“Akhirnya datang juga Lo, Len!” seruan itu langsung menggema saat Selena masuk ke dalam kelasnya. Ia melihat jam tangannya. 6.28. Nyaris saja dia terlambat. Untung jalanan sepi dan supir bus yang ia tumpangi mengendarai dengan cepat. Selena hanya tersenyum tipis. Ia tahu mereka tidak benar-benar mengharapkan dirinya datang ke sekolah sebagai teman.

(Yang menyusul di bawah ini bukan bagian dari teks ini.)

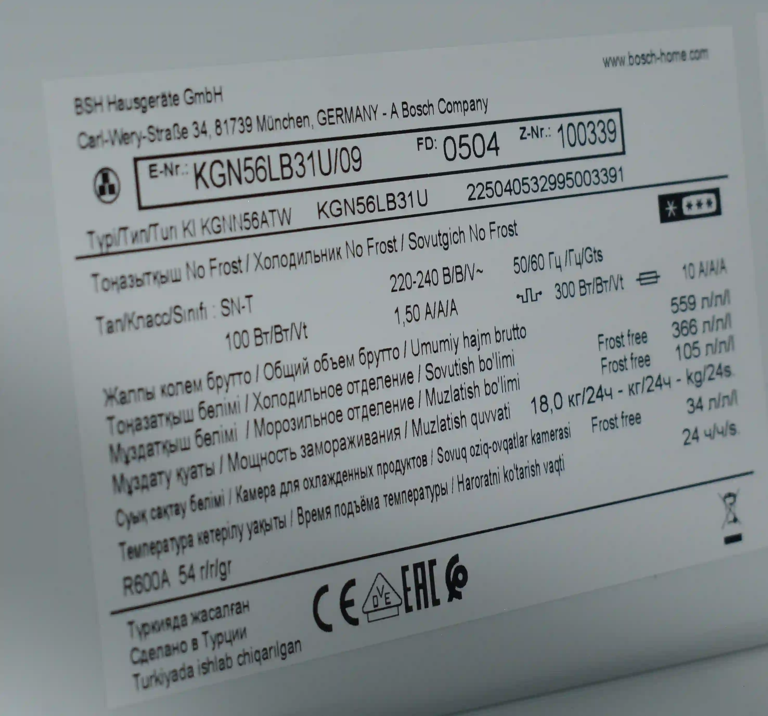 - Полезный объем холодильной камеры: 417

Yah, mungkin hanya sebagian yang menganggapnya sebagai teman. Mungkin juga tidak. Entahlah. Selena tak mau ambil pusing. Ia berjalan ke tempat duduknya kemudian mengeluarkan beberapa kliping yang daritadi ditunggu oleh “teman-temannya” itu. Inilah profesi sampingan Selena. Mengerjakan tugas sekolah temannya. Ia tidak masalah karena itu. Dengan begini Ia bisa dapat uang. Tentu saja mereka membayarnya. Selena tidak mau mengerjakannya percuma. Yah, lumayan hasilnya dari pada dia harus menjajakan tubuhnya seperti apa yang sebagian anak miskin seperti dirinya lakukan.
“Bodoh! Mau aja dibudakin suruh bikin tugas.” itu suara Aldo. Selena mengalihkan wajah kearahnya.

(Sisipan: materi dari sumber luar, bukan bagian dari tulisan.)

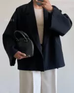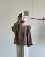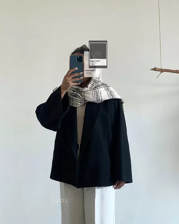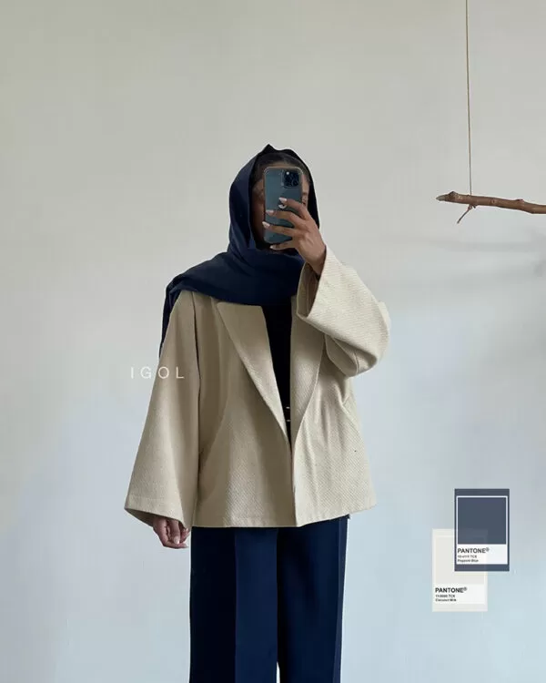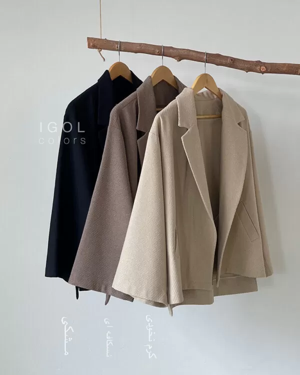 دورسینه کت در حالت بسته بودن اندازه زده شده است و تا ده سانت بیشتر هم سایز می شود .

“Lo ngatain gue?” Aldo menyeringai mengahadap Selena.
“Ngerasa? Baguslah.” Selena menutup mata sejenak. Kemudian menghembuskan nafas. Terserahlah dia mau bicara apa. Ia tidak perduli. Lelaki itu hanya iri pada dirinya karena selalu kalah saing. Ingin rasanya Selena menghajar wajahnya. Tentu saja Ia tahan. Ia tidak mau kehilangan beasiswa yang Ia dapat hanya karena lelaki manja seperti Aldo. Lagipula masalahnya kalau Ia mau dibudakin membuat tugas oleh anak-anak satu kelas? Kenapa Ia harus repot. Yang membuat tugas kan dirinya. Selena tidak pernah membuat Aldo untuk membantunya membuat tugas teman-temannya. Lalu apa masalahnya? Aldo kembali berujar. Kali ini lebih pedas kata-katanya. Selena bodoh katanya. Dia bukan membantu tetapi malah menjerumuskan teman-temannya. Selena kehabisan kesabaran. Ia menghampiri Aldo kemudian menggebrak mejanya. Tidak ada yang kaget dan berusaha memisahkan pertengkaran antar mereka. semuanya hanya diam kemudian berpaling dan duduk di bangku masing-masing. Anak-anak satu kelas mereka sudah biasa dengan kejadian seperti ini. Mereka sudah bosan melihat kedua anak jenius itu bertengkar. Bahkan hanya karena hal sepele. Mereka tidak heran. Justru mereka heran kalau dua anak itu tidak bertengkar. Bel sekolah berbunyi. Pak Santoso memasuki ruang kelas mereka. Selena segera kembali ke tempatnya. Ia duduk bersama sahabatnya, Tari. Mungkin Ia hanya satu-satunya yang mau berteman tulus dengan dirinya. Tanpa embel-embel minta dibuatkan tugas. Tari yang paling tulus diantara semuanya. Anak-anak sekolah ini mayoritas orang berada. Maka dari itu Selena agak segan bersekolah disini. Tapi sudahlah. Sebentar lagi juga Ia lulus.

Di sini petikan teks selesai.